Students polish their manners at protocol dinner
Nearly 200 students and table hosts gathered on Feb. 27 for Radford University's professional protocol dinner, organized by the office of Career Services and Community Engagement.
"Success doesn’t just happen—it requires diligence, planning and practice," university President Penelope W. Kyle said as she welcomed the group to the event in the Muse Banquet Room. "Knowing how to interact with people in social situations, whether they are clients, subordinates, supervisors or colleagues, will be critical to making connections, creating a positive impression and making other people feel comfortable around you."
Linda Whitley-Taylor '86, rector of the Radford University Board of Visitors, was a special guest at the protocol dinner.

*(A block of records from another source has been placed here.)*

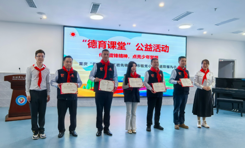 活動(dòng)現(xiàn)場(chǎng),同學(xué)們?yōu)榕c會(huì)人員佩戴上鮮艷的紅領(lǐng)巾,活動(dòng)在《中國少年先鋒隊(duì)隊(duì)歌》中拉開帷幕。隨后,學(xué)校領(lǐng)導(dǎo)為殷其龍、王彪頒發(fā)了“校外輔導(dǎo)員”證書,聘請(qǐng)他們擔(dān)任第二批校外輔導(dǎo)員,陳衛(wèi)東擔(dān)任重慶“雷鋒的士·紅巖先鋒隊(duì)”校外總輔導(dǎo)員。這不僅是一份榮譽(yù),更是一份沉甸甸的責(zé)任,激勵(lì)隊(duì)員們以實(shí)際行動(dòng)踐行雷鋒精神,成為孩子們成長路上的引路人。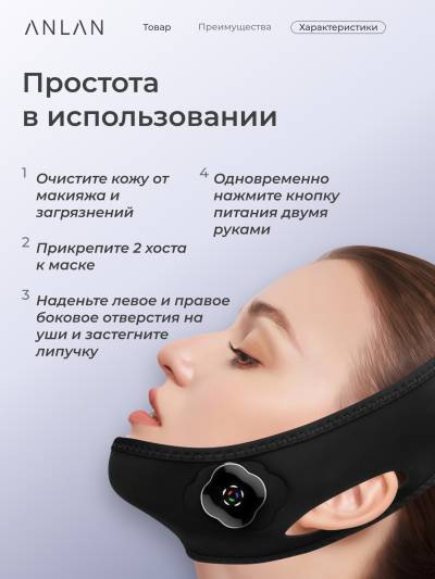 Маска «Анлан» стимулирует мышцы, делая кожу упругой и гладкой. Кроме того, она увеличивает выработку коллагена и улучшает кровообращение. Она уменьшает видимость морщин, восстанавливает эластичность и придаёт лицу V-образную форму. Теперь вы сможете дольше сохранять молодость.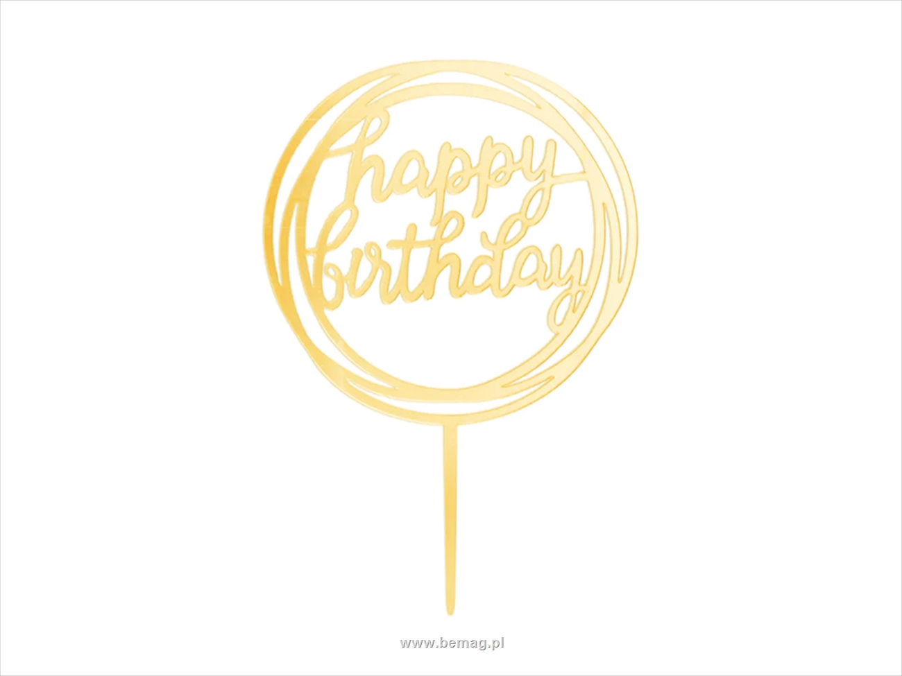 Topper na tort Happy Birthday okrągły lustrzany złoty 1szt. 143636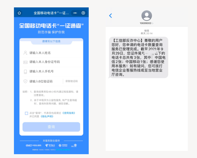 填写姓名、二代身份证号码和手机号码,核验通过即可预约查询名下所有移动电话卡数量。48小时内,专用短信端口10699000会向预留的手机号码反馈结果!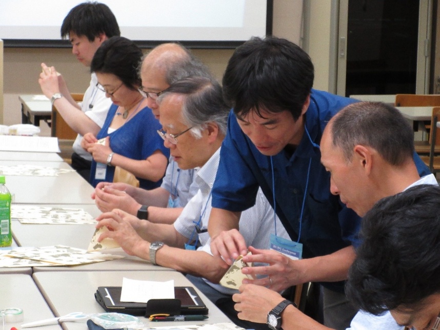 - この地図の立体的な仕組みを知るために参加者が各自、地図の仕組みがわかるペーパークラフトを組み立てます。製作しながら本当に重要な質疑を誘発することが目的です。実際に造り方から質問が始まり、重要な質問が相次ぎました。正四面体の頂点の位置はどうやって決めた?ずらすとこうなるのか?など。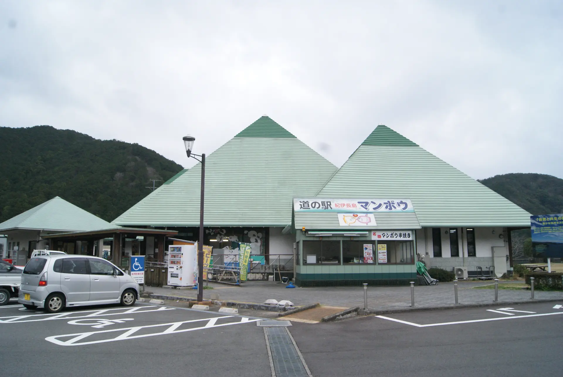 国道42号を南下し、紀北町に入ってすぐの所に見えてくる緑色の大きな三角屋根、東紀州地域最初の「道の駅 紀伊長島マンボウ」です。この色と形は、地域特産の尾鷲ヒノキをイメージしたんだとか。

The popular annual event, sponsored by RU Dining Services and Chartwells, is designed to provide students entering the workforce with dining and etiquette skills that will put them at ease in interview, business and networking situations.
Kathleen Harshberger, director of University Advancement for the College of Visual and Performing Arts, was the training officer for the evening. A graduate of the Protocol School of Washington, Harshberger cited statistics showing that only 15 percent of workplace success is dependent on job skills. The remaining 85 percent is due to personal skills that can be learned and practiced to build confidence.
Putting students at ease by emphasizing that "there are no stupid questions," Harshberger explained that even as simple a matter as buttering a roll can be awkward at a formal event. The key, she explained, is to proceed one bite at a time: "No butter sandwiches."
Laura Pope of Roanoke, a master's degree candidate in industrial-organizational psychology, found the event to be both beneficial and fun. "The skills we learned will definitely be transferable to many different types of situations we'll encounter in the future."
The table hosts also found value in the experience.
"I have attended for a number of years," said Tod Burke, associate dean of the College of Humanities and Behavioral Sciences, "but every time is a new experience. What we learn becomes a teachable moment for all of us."
The day after the event, Burke met with a student and had an opportunity to share business-card techniques he had heard the night before. "He was so appreciative, and I was as excited as he was. We all do what we can to help our students succeed."